Also, she needs to understand that it could very well be the only reason it wasn't physical was because the other dude was a stand up guy. Your wife can deny that she'd have never let it get that far, but she can't prove that's the case, and she needs to know that's something you're currently struggling with.


----------



## VermiciousKnid

tbone777$ said:


> She said she loved me like no other and that this happened 4 years ago and made a mistake and ended it before it went to far.


But he ended it, not her. She was 100% willing to take the plunge.




tbone777$ said:


> I don’t think she thinks it’s a big deal because it didn’t go to PE and it was over 4 years ago.


She's dead wrong if she thinks that way. It doesn't matter in the least that it wasn't consummated. It's that she wanted to consummate it that matters.





tbone777$ said:


> I think she has depression or bi-polar issues. She will sometimes say she just feels sad or depressed. I told her to get help for it in the past but won’t go.


If so then this will happen again. Guaranteed. She has to at least go and get evaluated.




tbone777$ said:


> She said she would go to counseling if that would help the situation for me. She really thinks she has no issues on cheating because a PE never happened.

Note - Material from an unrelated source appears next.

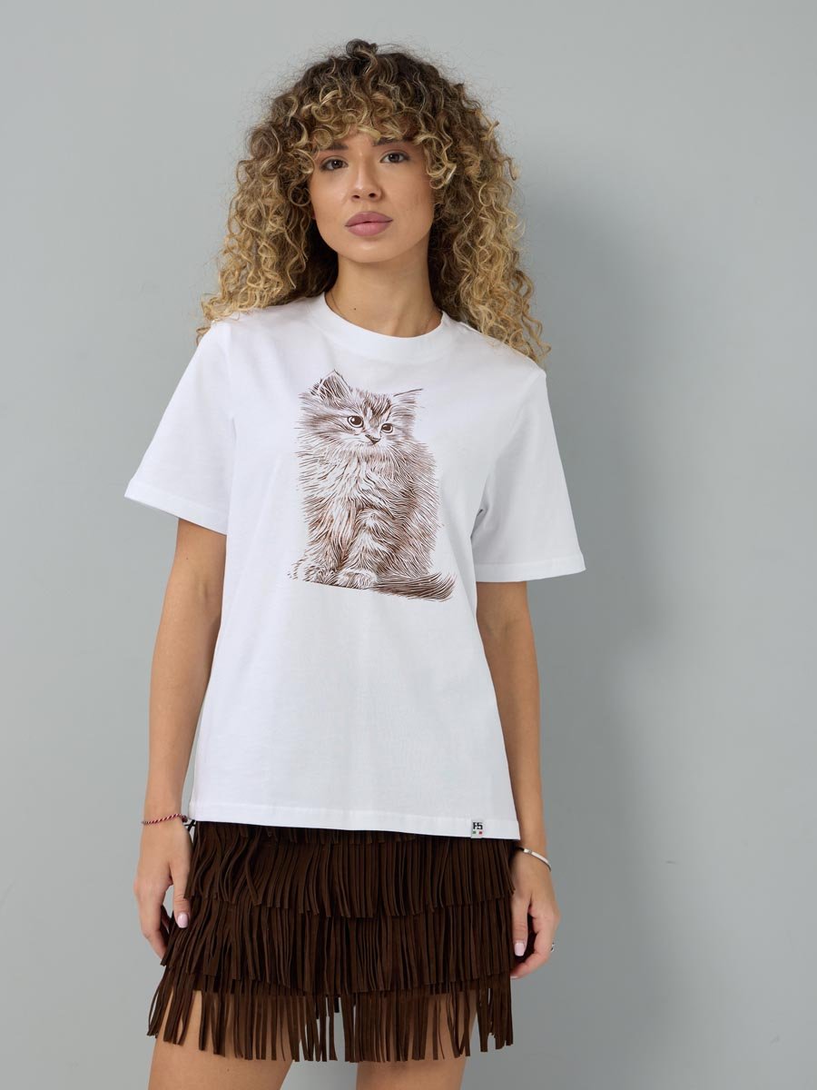 Женская футболка F5, Comfort fit (свободный силуэт), круглый вырез горловины, короткий рукав. Выполнена из классического трикотажного полотна.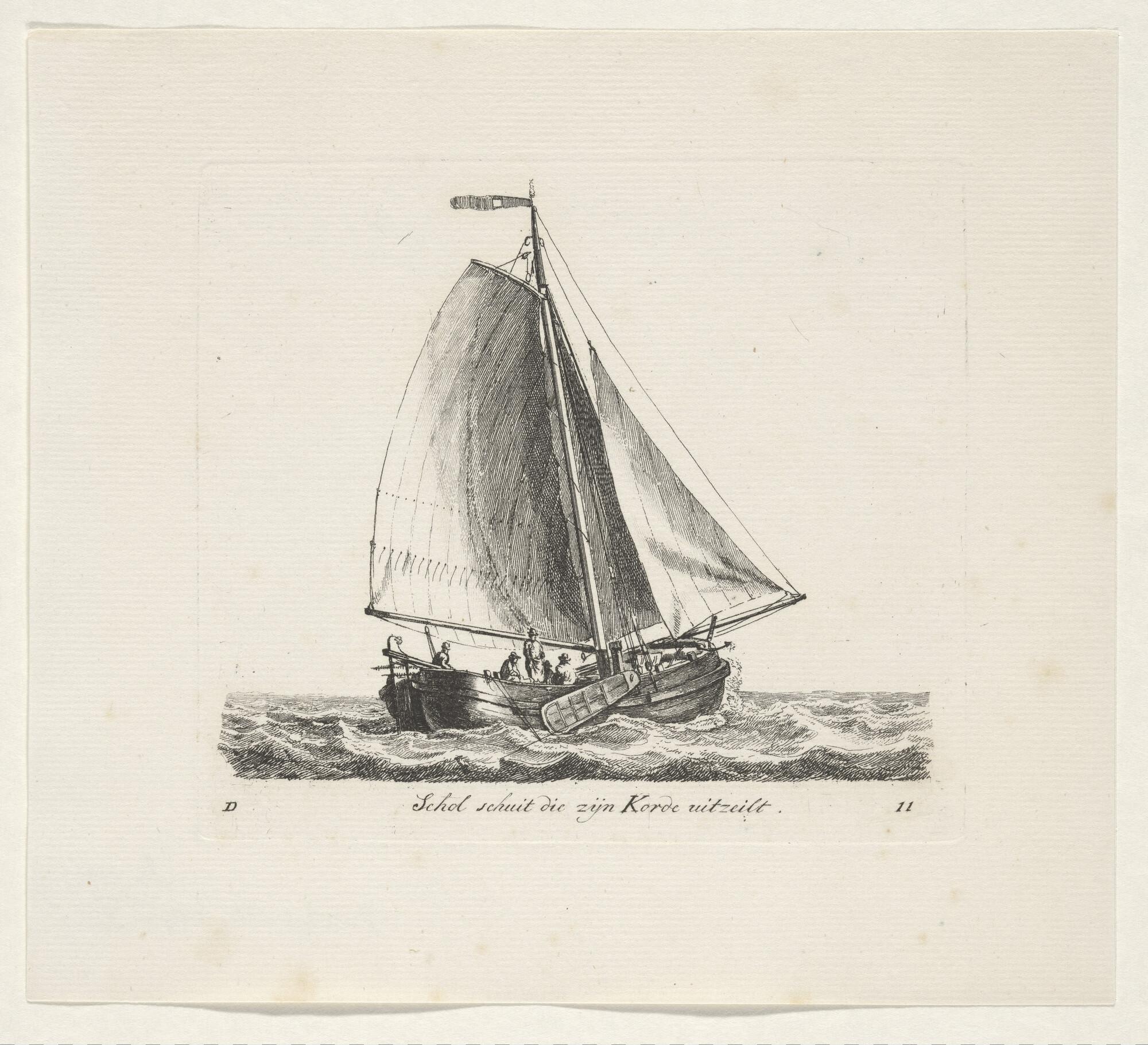 Prent van een scholschuit die zijn kor uitzeilt. Uit de suite 'Verscheide soorten van Hollandse schepen', vierde katern, D-11.

Huge red flag here. This is a wayward mindset.




tbone777$ said:


> The entire summary is she went outside of our marriage and tried to engage a married man. Only option is I can forgive this and trust her or move on. This EA would bug me for a long time if not forever and I don’t see me forgiving it. I don’t want to live on pins and needles wondering what’s going to happen next or get into petty vengeance because she is not worth it and mentally is is self destructive. Marriage is a sacred bond between two people and she destroyed that period.
> 
> Well I went back and told her I am moving into our lake house. Packed some of my stuff and was tying to leave and she grabbed my leg as I was dragging her to the door crying like crazy. She said why are you doing this to us, I love you. I said , your actins forced me to do this course of action. Really was pathetic. I told her I am living there until things calm down and plan the next steps.
> 
> I do feel better as power and stability is in my corner now. I control my own destiny not her.


You're on the right track here. It doesn't mean you'll get divorced. You can possibly recover from this although I personally believe that true recovery from these things is very rare. Once you poison the well or squirt the toothpaste it's almost impossible to undo it. If nothing else, she definitely now realizes the severity of what she did.


----------



## wilson

tbone777$ said:


> This EA would bug me for a long time if not forever and I don’t see me forgiving it. I don’t want to live on pins and needles wondering what’s going to happen next or get into petty vengeance because she is not worth it and mentally is is self destructive. Marriage is a sacred bond between two people and she destroyed that period.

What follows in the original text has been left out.